Turner was especially captivated by the particular combination of light and colour he found in Venice, and revisited the city several times. He traveled lightly, usually alone, making few concessions to his age or failing strength, and drew constantly in his sketchbooks. Turner’s many images of Venice were among his most potent late works, influencing later artists such as James Abbott McNeill Whistler (American, 1834-1903) and Claude Monet (French, 1840-1926).
For Turner, watercolour was the perfect medium to capture Venice’s aqueous and luminous effects. While based on on-the-spot sketches done there in 1840, Turner’s later paintings of Venice drew out the city’s essence and spirit rather than its exact topography. His Venice was often touched with a melancholy that echoed the romantic fatalism popularised by writers such as Lord Byron, offering a warning from history to Britain’s rise as a commercial empire.
Poetry
Turner was deeply interested in poetry and often paired his paintings with lines of text in order to elucidate their themes. In some cases he authored the poems himself but often he quoted celebrated 18th- and 19th-century British poets such as Thomas Gray and, most especially, Lord Bryon. Throughout the Getty exhibition, many of the lines of poetry or prose that he chose or wrote are reunited with his pictures on the gallery walls. For example, the lines “The moon is up, and yet it is not night/ The sun as yet disputes the day with her” from Byron’s Childe Harold’s Pilgrimage (1812-1818) were chosen, and slightly altered by Turner to accompany two paintings: Modern Rome – Campo Vaccino, exhibited 1839, and Approach to Venice, exhibited 1844, which both feature the setting sun and a rising moon but also evoke the rise and fall of empires.
Contemporary Events
Much of Tuner’s later work reflects on contemporary events including the modern state of Italy, the legacy of the Napoleonic Wars, and the spectacular fires that ravaged the Palace of Westminster and the Tower of London in 1834 and 1841, respectively. In addition, Turner was the first major European artist to engage with innovations such as steam power, as seen in Snow Storm: Steam-Boat off a Harbour’s Mouth, 1842, which shows this much-vaunted new technology at the mercy of the awesome power of the elements.
Technique
Perhaps nothing demonstrates Turner’s virtuosity as a painter better than the stories of his performances on “Varnishing Days.” The Royal Academy and the British Institution would set aside a short period of time for artists to put final touches on their work before an exhibition opened to the public. Turner revelled in the competitive jostling and repartee that occurred on these occasions. In his later years, he would frequently submit canvases with only the roughest indications of colour and form, speedily bringing them to completion on-site. Eyewitnesses record that Turner painted most of The Hero of a Hundred Fights, 1800-10, reworked and exhibited 1847, and Burning of the Houses of Lords and Commons, 16th October 1834, 1834-1835, on their respective varnishing days.
Pairs and Shapes
In his later years, Turner was as creative in his approach to media, materials, and techniques as he was in his choice of subject matter. He created works that offer some of his most dazzling displays of colour, audacious handling, and complex iconographies. From 1840 to 1846, the artist employed a smaller canvas size for a series of paintings, which were often conceived as pairs expressing opposites, such as two that were exhibited in 1842: Peace – Burial at Sea and War. The Exile and the Rock Limpet. These were principally square but could also be round or octagonal. Exploring states of consciousness, optics, and the emotive power of colour, they shocked and mystified his audience, who thought them the products of senility or madness. Painted near the end of his life, these inventive works are a coda to Turner’s career, representing a synthesis of his innovations in technique, composition and theme.

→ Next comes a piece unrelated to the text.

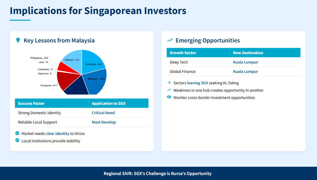 For Singaporean investors, the lesson from Malaysia is that a market needs a strong domestic identity and reliable local support to thrive. For Malaysian investors, the takeaway is twofold: appreciate the structural advantages of your home market, but also recognize that the “growth” sectors (like deep tech or global finance) that SGX is failing to retain are now increasingly looking to KL as a viable alternative. The weakness in one hub creates an opportunity in the other.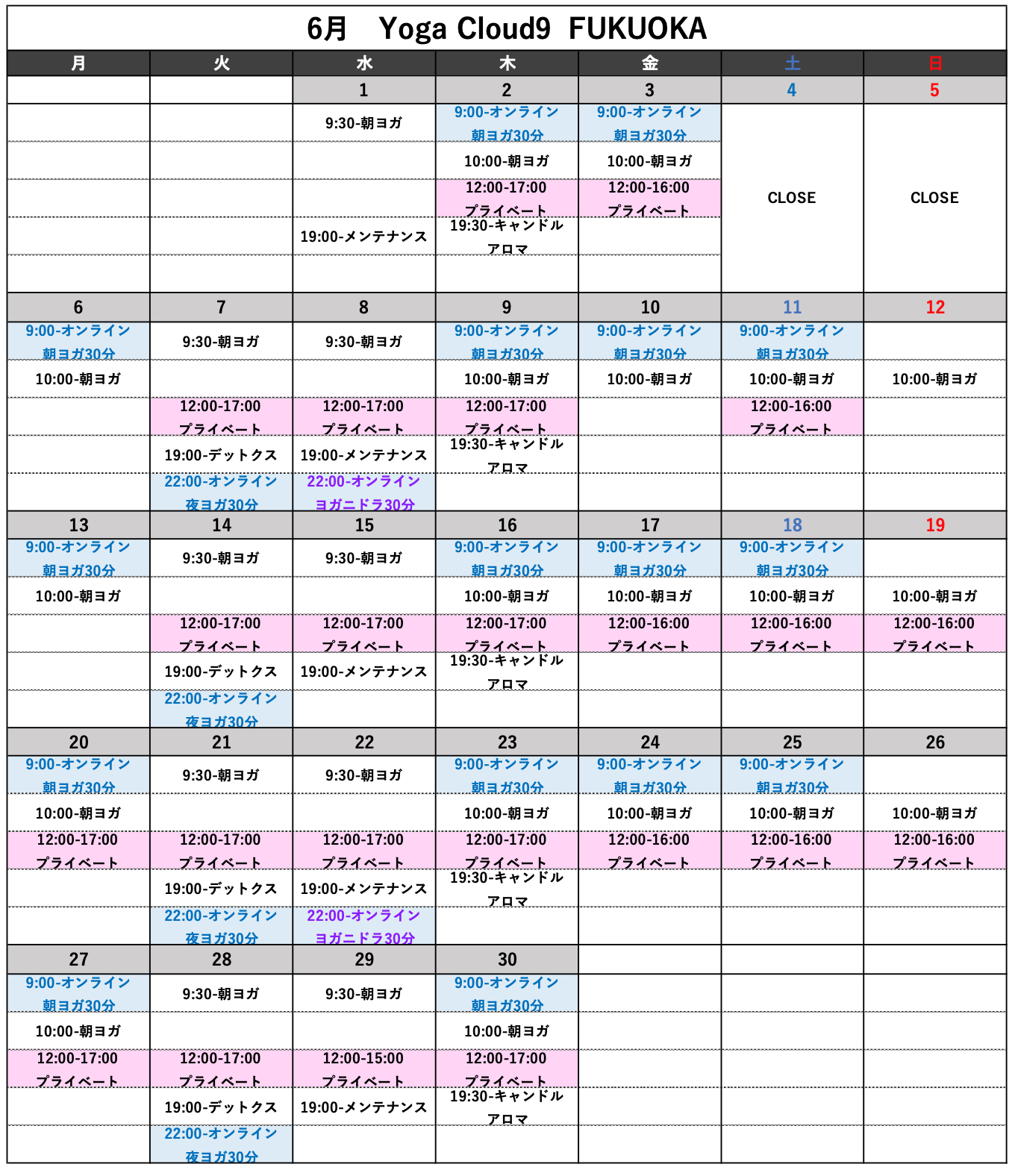 yoga, 全て 6月スケジュールのお知らせ。 2022-05-26 Yoga Cloud9 FUKUOKA 皆様こんにちは!いかがお過ごしでしょうか? 6月スケジュールのお知らせです。 あっという間に6月に入りますね!今年もあと半年💦 来月もどうぞよろしくお願いいたします🙏

Turner died in 1851 at age 76, leaving the majority of his work to the English nation along with an intended bequest to support impoverished artists. In the years since, while popular and scholarly ideas about his work have changed, he inarguably emerges as one of the most beloved figures and popular painters in the history of the United Kingdom.
This exhibition was organised by Tate Britain in association with the J. Paul Getty Museum and the Fine Arts Museums of San Francisco. It is supported by an indemnity from the Federal Council on the Arts and the Humanities. The Getty Museum curators of the exhibition are Julian Brooks, curator of drawings, and Peter Björn Kerber, assistant curator of paintings.
The exhibition is accompanied by the publication J.M.W. Turner: Painting Set Free. Edited by David Blayney Brown, Amy Concannon, and Sam Smiles, this 250-page volume is richly illustrated.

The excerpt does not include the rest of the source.